*Data records*.
◇ ◇ ◇ ◇ ◇
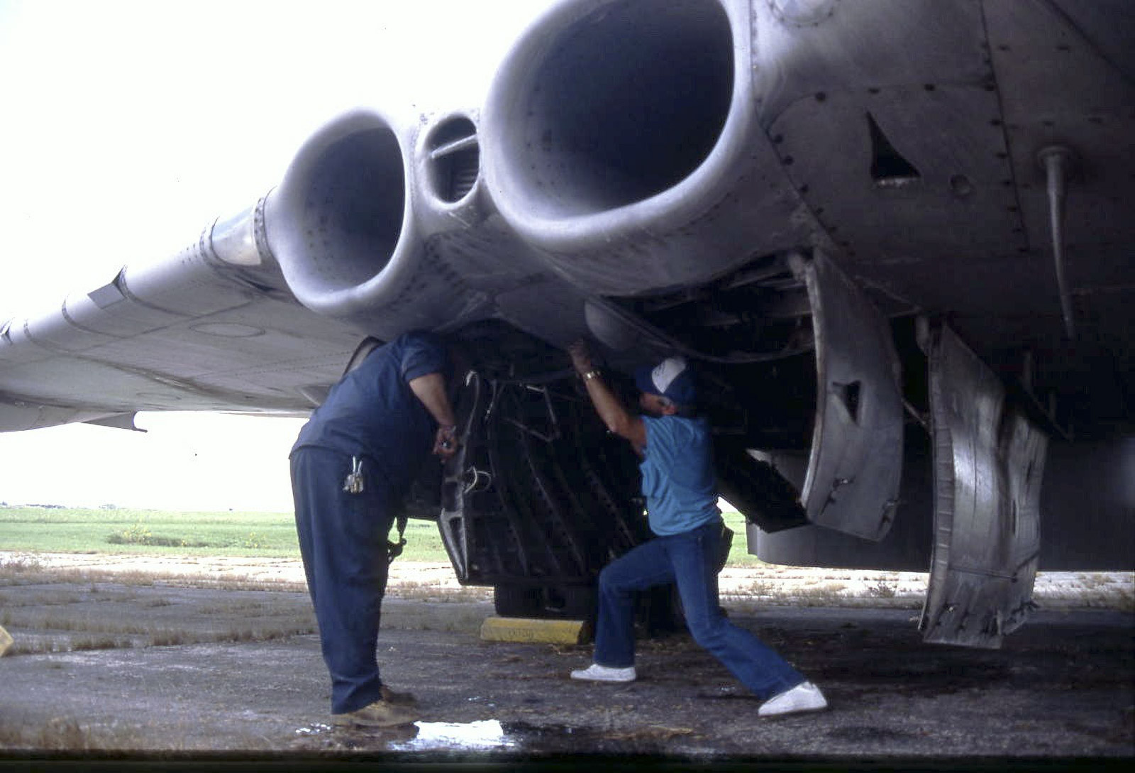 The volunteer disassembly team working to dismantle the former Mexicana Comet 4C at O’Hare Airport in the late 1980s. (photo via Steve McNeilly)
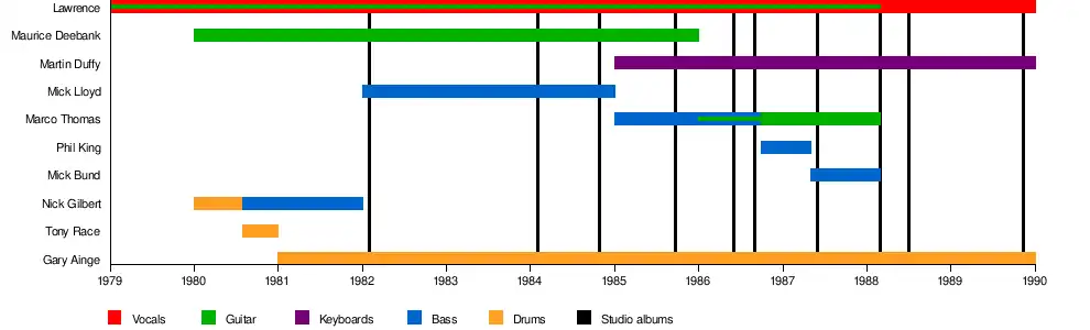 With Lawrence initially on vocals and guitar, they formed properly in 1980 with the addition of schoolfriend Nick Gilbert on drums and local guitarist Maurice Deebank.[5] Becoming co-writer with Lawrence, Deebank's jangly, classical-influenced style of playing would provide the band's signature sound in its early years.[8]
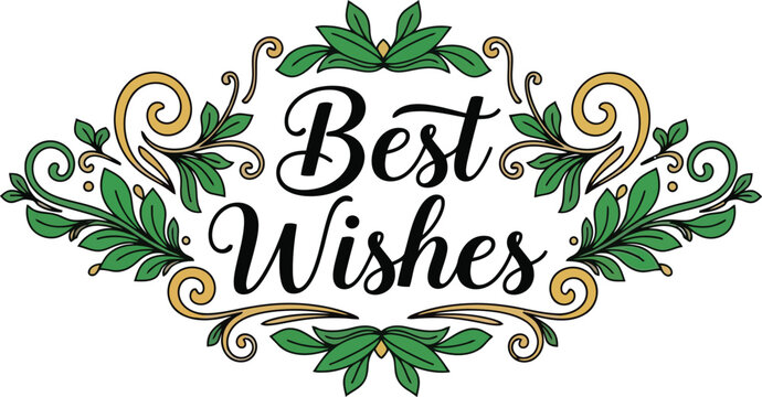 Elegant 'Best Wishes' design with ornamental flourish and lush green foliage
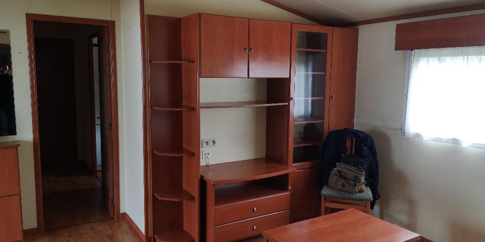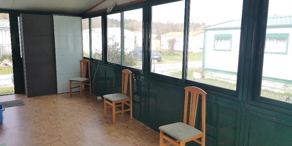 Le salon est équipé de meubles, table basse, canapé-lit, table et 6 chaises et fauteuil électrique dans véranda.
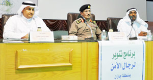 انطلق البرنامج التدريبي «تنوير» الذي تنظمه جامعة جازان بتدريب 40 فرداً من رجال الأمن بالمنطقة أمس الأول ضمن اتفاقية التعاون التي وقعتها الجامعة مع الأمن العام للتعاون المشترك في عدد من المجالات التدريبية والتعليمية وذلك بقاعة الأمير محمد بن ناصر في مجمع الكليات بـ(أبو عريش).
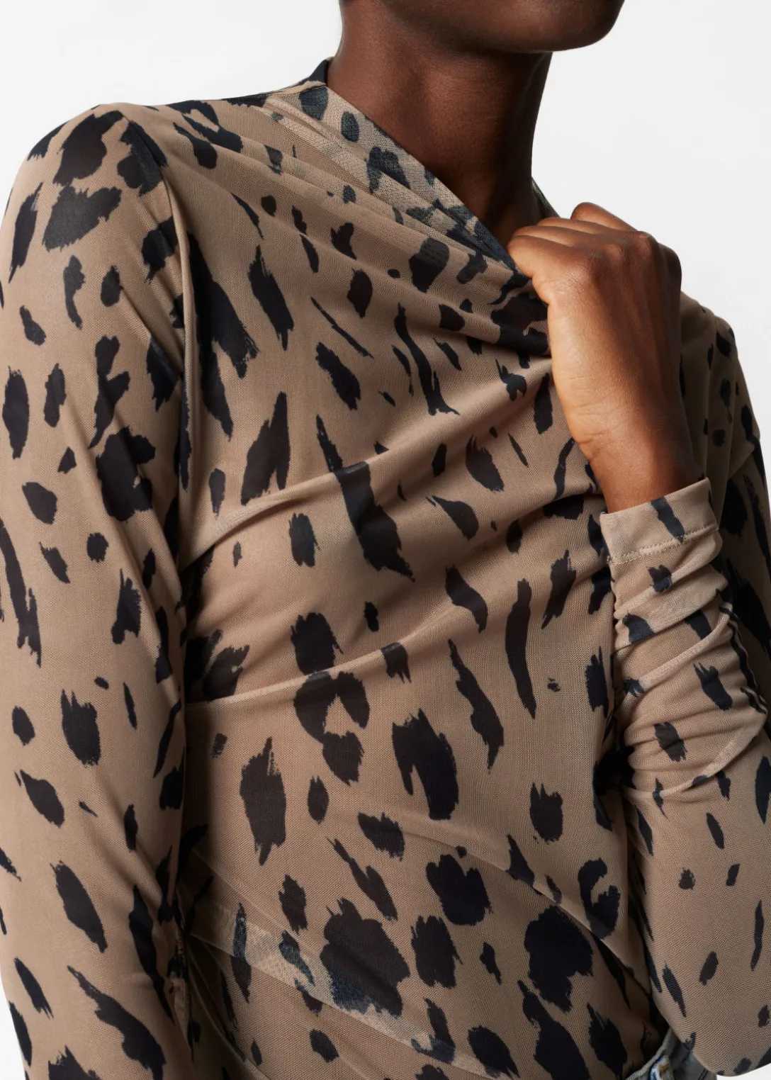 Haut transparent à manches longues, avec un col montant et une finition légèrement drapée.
◇ ◇ ◇ ◇ ◇
*Task prompt*. Reproduce exactly, with nothing added, the lines from the line with "انطلق البرنامج التدريبي" through the end of the entries above; pictures are to be left out.

*Result for this exercise*.
 انطلق البرنامج التدريبي «تنوير» الذي تنظمه جامعة جازان بتدريب 40 فرداً من رجال الأمن بالمنطقة أمس الأول ضمن اتفاقية التعاون التي وقعتها الجامعة مع الأمن العام للتعاون المشترك في عدد من المجالات التدريبية والتعليمية وذلك بقاعة الأمير محمد بن ناصر في مجمع الكليات بـ(أبو عريش).
 Haut transparent à manches longues, avec un col montant et une finition légèrement drapée.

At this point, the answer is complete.